How I Shipped 3 Production SaaS Backends in 30 Days Using Claude Code (Without Context Loss Destroying Everything)

Published: (February 14, 2026 at 02:08 PM EST)
6 min read
Source: Dev.to

Source: Dev.to

I’ve been using Claude Code for the last 4 months to build SaaS back‑ends. Love it. Until I don’t.

You know the pattern.

DayWhat Happens
1Claude writes beautiful auth logic. You’re impressed.
3You ask it to add Stripe webhooks.
5Auth is broken. No idea what changed.
7Context window full → start a new session.
8“Wait, what database schema are we using again?”

Every. Single. Time.

I end up spending more time re‑explaining my project than actually building it. The “brilliant colleague with amnesia” metaphor is painfully accurate.

The Context‑Loss Problem

Mid‑session drift

Claude starts with async/await, then randomly switches to .then() chains 200 lines later. Why? Context degradation – the model “forgets” earlier patterns as the conversation grows.

Schema amnesia

I define a users table with specific columns in message 5. By message 40 Claude is suggesting queries for columns that don’t exist.

Security regression

Row‑level‑security policies carefully set up in Phase 1 are completely ignored when adding features in Phase 3.

The Groundhog‑Day effect

Close laptop Friday → open Monday → spend 30 minutes re‑explaining the entire project before Claude can write a single line.

What I Tried (and Failed)

  • Longer prompts with full context – hit token limits; quality degraded anyway.
  • Custom instructions – too vague, didn’t persist across sessions.
  • Separate chats for each feature – lost the big picture, broke dependencies.
  • Manual “memory dumps” – exhausting and error‑prone.

The fundamental issue: LLMs have working memory, not long‑term memory. They’re brilliant in the moment, terrible at maintaining state.

What Actually Fixed It: Multi‑Agent Orchestration

The problem isn’t the AI; it’s the workflow. Human developers don’t keep entire codebases in their heads either. We use:

  • Documentation
  • Design docs
  • Database schemas
  • API specs
  • External references that persist.

I built a system that orchestrates Claude through specialized agents, each with a fresh context window and a specific job.

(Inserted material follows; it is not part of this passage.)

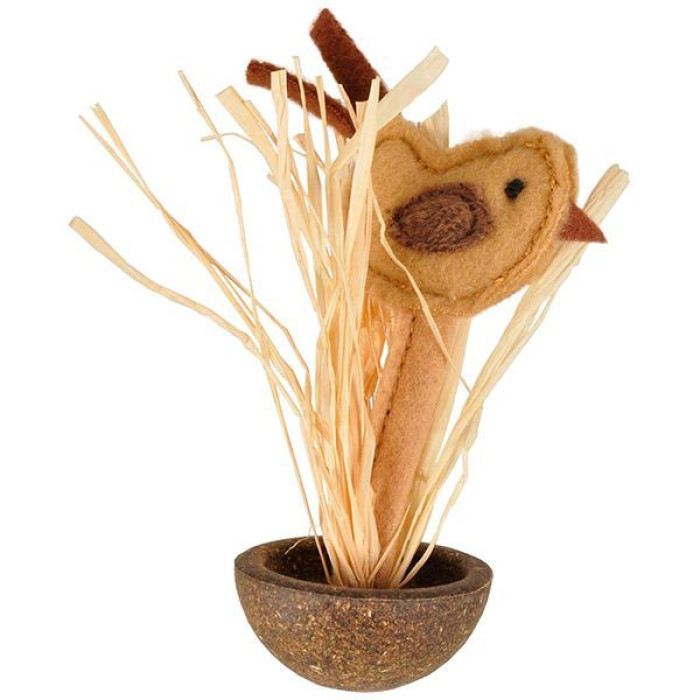 Если ваш кот – настоящий охотник, ему непременно понадобится такая добыча как игрушка Flamingo Catnip Bird. Это мягкая птичка, которая притаилась в высокой «траве» из соломы. Птичий «букет» закреплен в полусфере из прессованной кошачьей мяты, что позволит игрушке раскачиваться как неваляшке при толкании осторожной кошачьей лапкой. Если лапа будет более уверенна и агрессивна, то игрушка будет катиться по непредсказуемой траектории, шелестеть бумагой и мелькать птичкой. Как и всякую добычу, кот может носить игрушку в зубах.

The Four Files That Maintain State

FilePurpose
PROJECT.mdVision document – problem being solved, target users & workflows, core value proposition, success criteria.
REQUIREMENTS.mdTraceable feature definitions – unique IDs (e.g., AUTH-01, PAY-02), v1 scope, v2 scope, out‑of‑scope, acceptance criteria.
ROADMAP.mdPhased execution plan – Phase 0 (infra), Phase 1 (core), Phase 2 (supporting), Phase 3 (polish); each requirement mapped to a phase.
STATE.mdLiving memory – completed phases (locked), current phase (modifiable), exact DB DDL, API routes (paths, methods, business logic), architectural decisions.

Each file is sized to avoid context degradation (under 10 k tokens) and serves as a single source of truth for both humans and AI.

The Multi‑Agent System

Research agents (run in parallel before coding)

  1. Stack researcher – finds the best technologies for your domain.
  2. Features researcher – distinguishes table‑stakes from differentiators.
  3. Architecture researcher – proposes system design patterns.
  4. Pitfalls researcher – lists common mistakes to avoid.

Execution agents

AgentRole
PlannerCreates verified task plans.
ExecutorRuns plans with atomic commits.
VerifierTests and auto‑debugs.
MapperAnalyzes the existing codebase.

Each agent gets a fresh context – no degradation, no drift.

The Workflow Cycle

1. INITIALIZE
   • Describe vision → AI creates PROJECT.md, REQUIREMENTS.md, ROADMAP.md

2. DISCUSS (each phase)
   • Shape implementation preferences before committing

3. PLAN
   • Research domain patterns → create verified execution plan

4. EXECUTE
   • Run plans in parallel waves with fresh contexts → atomic git commits

5. VERIFY
   • User acceptance testing with automatic debugging

Repeat steps 2‑5 for each phase.

Critical rule: Completed phases are locked. The AI can only modify code in the current phase, eliminating the “adding payments breaks auth” problem entirely.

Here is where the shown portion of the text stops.